How to fix NVIDIA driver not compatible?

Incompatibility happens after kernel upgrades. For example, kernel 6.8 with NVIDIA 545 driver. Options: downgrade the kernel, upgrade the driver to 550+, or force a DKMS rebuild with sudo dkms install -m nvidia -v <version>.

How do I fix NVIDIA driver installer error?

Common installer errors: “You appear to be running an X server” (kill X or switch to runlevel 3), “Unable to find the kernel source tree” (install linux-headers-$(uname -r)), “CC version check failed” (wrong gcc version). Add --no-opengl-files to the .run installer to avoid conflicts.

Has NVIDIA fixed their driver issues?

No, and they probably never will completely. NVIDIA’s driver is closed-source, so every kernel API change breaks things. The open-source nouveau driver is stable but slow. The 550 series is decent, but 545 and 535 both had nasty bugs. Stick with LTS kernel + LTS driver combos.

Final Thoughts

This mismatch problem is a fundamental issue with closed-source drivers in the Linux ecosystem. NVIDIA’s update strategy is frankly garbage — every new version fixes old bugs and introduces new ones. I’ve seen a single unattended-upgrades default config take down a production cluster for 3 hours.
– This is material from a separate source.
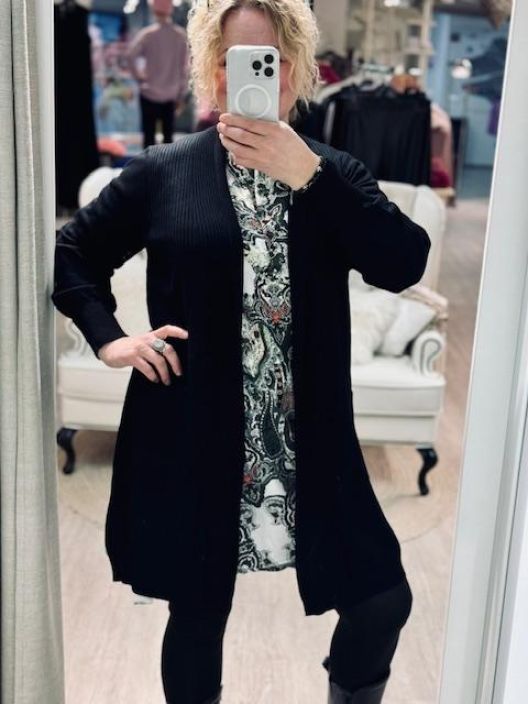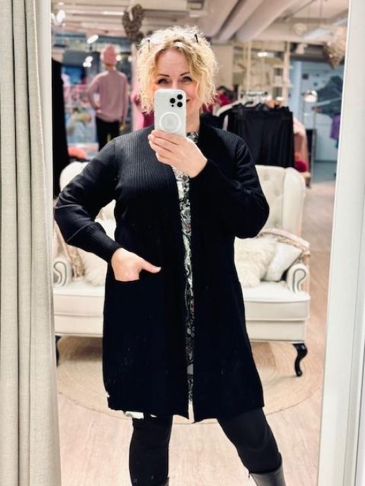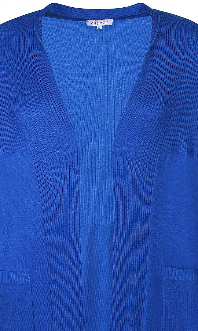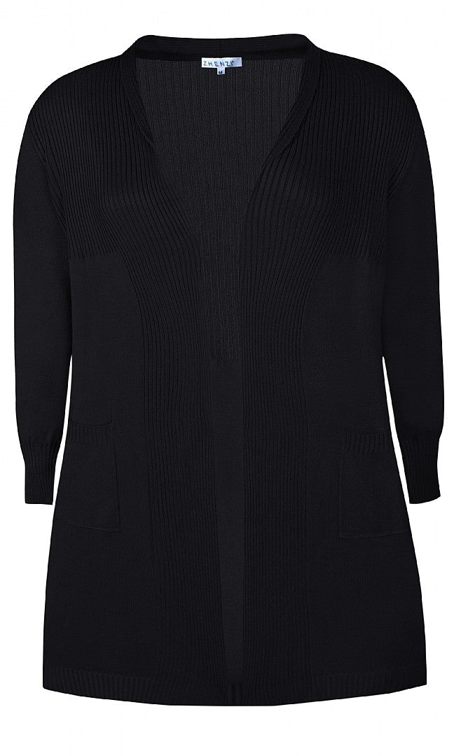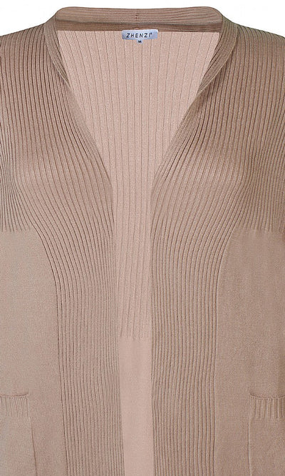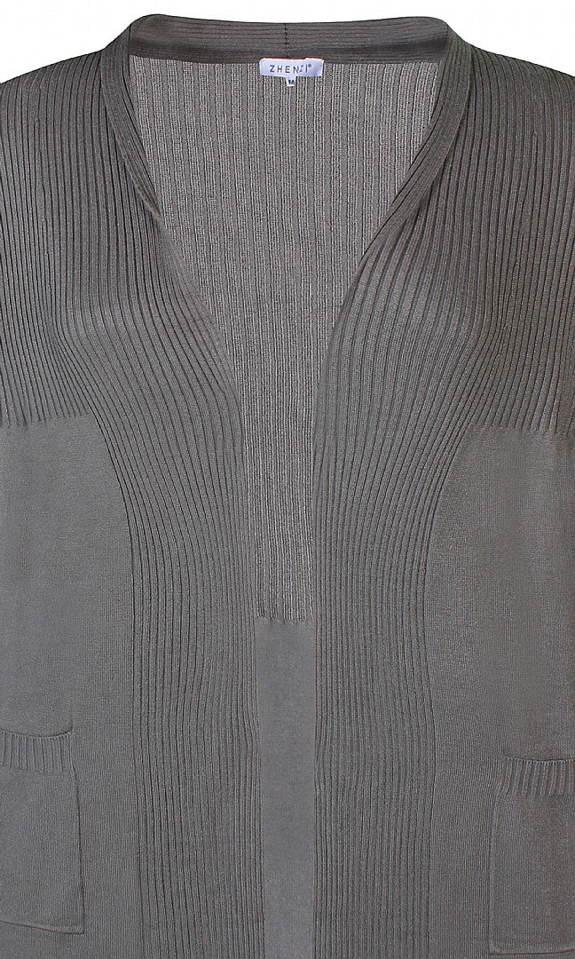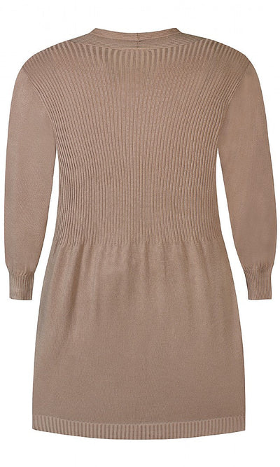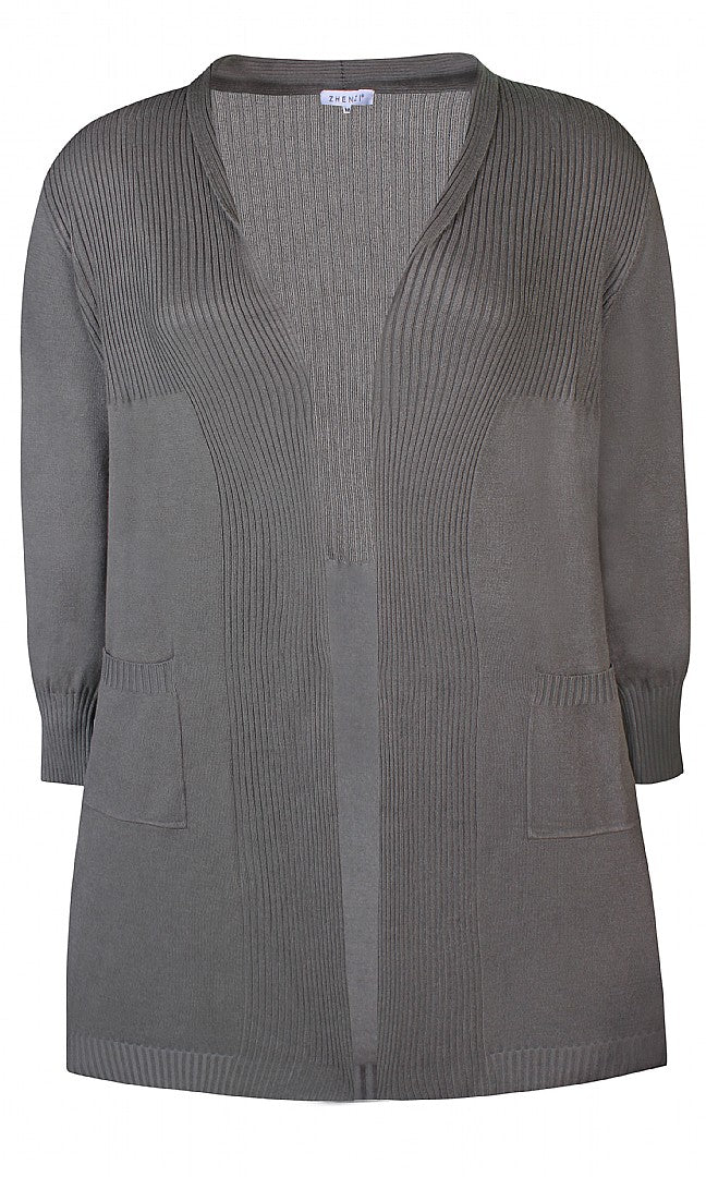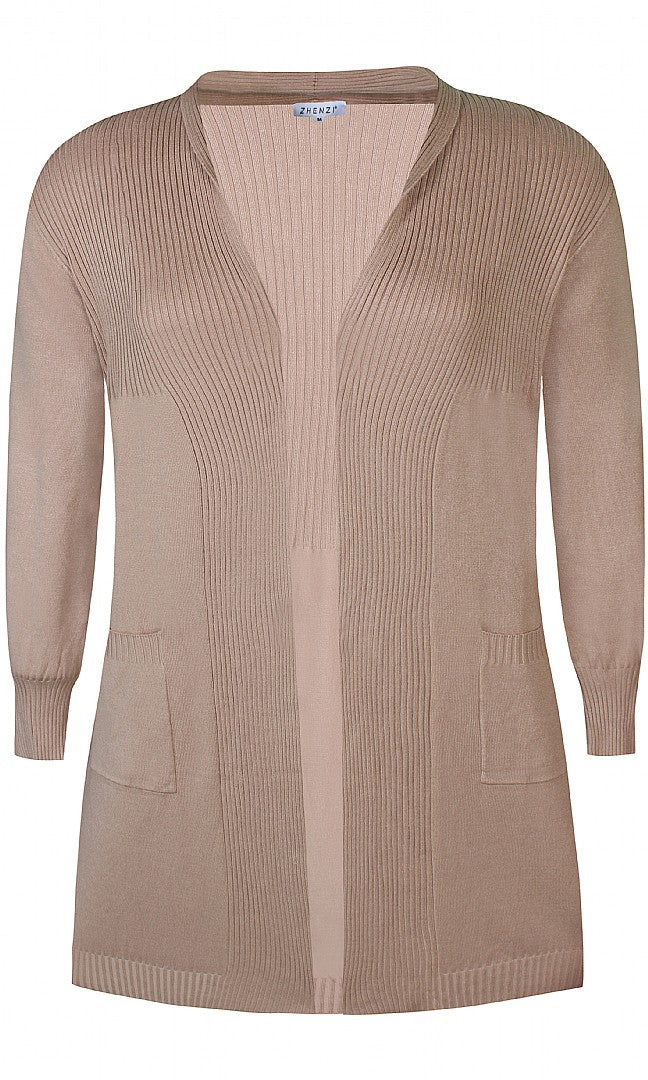 Zhenzi - Kogle opin peysa, rifflað prjón á kraga, öxlum og efra baki, stroff á ermum, vasar að framan. Mjúkt og lipurt efni. Hægt að nota yfir boli og kjóla.

My advice: lock your driver version, update manually on your schedule. For AI training clusters, stability beats freshness every time.

And if you’re stuck on a remote machine without reboot access? The kill-processes + reload-module combo in Steps 2-3 works about 70% of the time. The other 30%? You’re calling your ops team to hit the power button.